To build a new release, each BuildConfig file should be updated with the git branch corresponding to that release.
In the future, the branch can be passed along as a kustomization, or in the parameters of the pipeline.
The list of images from a new OCP release (obtained through `oc adm release info`) must now be synced with the BuildConfigs present here:
* For any new image, a new BuildConfig file must be added
* For any image removed from the OCP release, the corresponding BuildConfig file must be removed.
## Take away
### What are our next steps?
In the coming weeks and months, you can expect lots of changes, especially as the OKD community is picking up usage of OKD/SCOS, and doing their own Tekton Pipeline runs:
* Work to automate the OKD release procedure is progress by automatically verifying payload image signatures, signing the release, and tagging it on GitHub.
The goal is to deliver a new OKD/SCOS on a sprintly (3-weekly) basis, and to provide both the OCP teams and the OKD community with a fresh release to test much earlier than previously with the OCP release cadance.
* For the moment, OKD/SCOS releases are only verified on AWS. To gain more confidence in our release payloads, we will expand the test matrix to other platforms such as GCP, vSphere and Baremetal
* Enable GitOps on the Tekton pipeline repository, so that changes to the pipeline are automatically deployed on [OperateFirst](https://www.operate-first.cloud/) for the community to use the latest and greatest.
* The OKD Working Group will be collaborating with the [Mass Open Cloud](https://massopen.cloud/) to allow for deployments of test clusters on their baremetal infrastructure.
* The OKD Working Group will be publishing the Tekton Tasks and Pipelines used to build the SCOS Operating System as well as the OKD payload to [Tekton Hub](https://hub.tekton.dev/) and [Artifact Hub](https://artifacthub.io/)
* The [OKD operators Tekton pipeline](https://github.com/okd-project/okd-operator-pipeline/) will be used for community builds of optional OLM operators.

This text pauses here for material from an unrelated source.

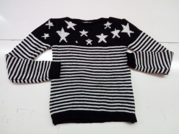 MAGLIONCINO LANA BIMBA A RIGHE CON STELLE BIANCHE E COLLO A BARCA.

A first OKD operator has already been built with it, and other operators are to follow, starting with the Pipelines operator, which has long been an ask by the community
* Additionally, we are working on multi-arch releases for both OKD/SCOS and OKD/FCOS
### Opened perspectives
Although in the near future the OKD team will still rely on Prow to build the payload images, the Tekton pipeline will start getting used to finalize the release.
In addition, this Tekton pipeline has opened up new perspectives, even for OCP teams. One such example is for the [Openshift API team](https://github.com/openshift/api) who would like to use the Tekton pipeline to test API changes by building all components that are dependent of the OpenShift API from that PR, create an OKD release and test it thus getting extra quick feedback on impacts of the API changes on the OKD (and later OCP) releases.
We are looking forward to seeing the pipelines in action, increasing collaboration and improving our community feedback loop.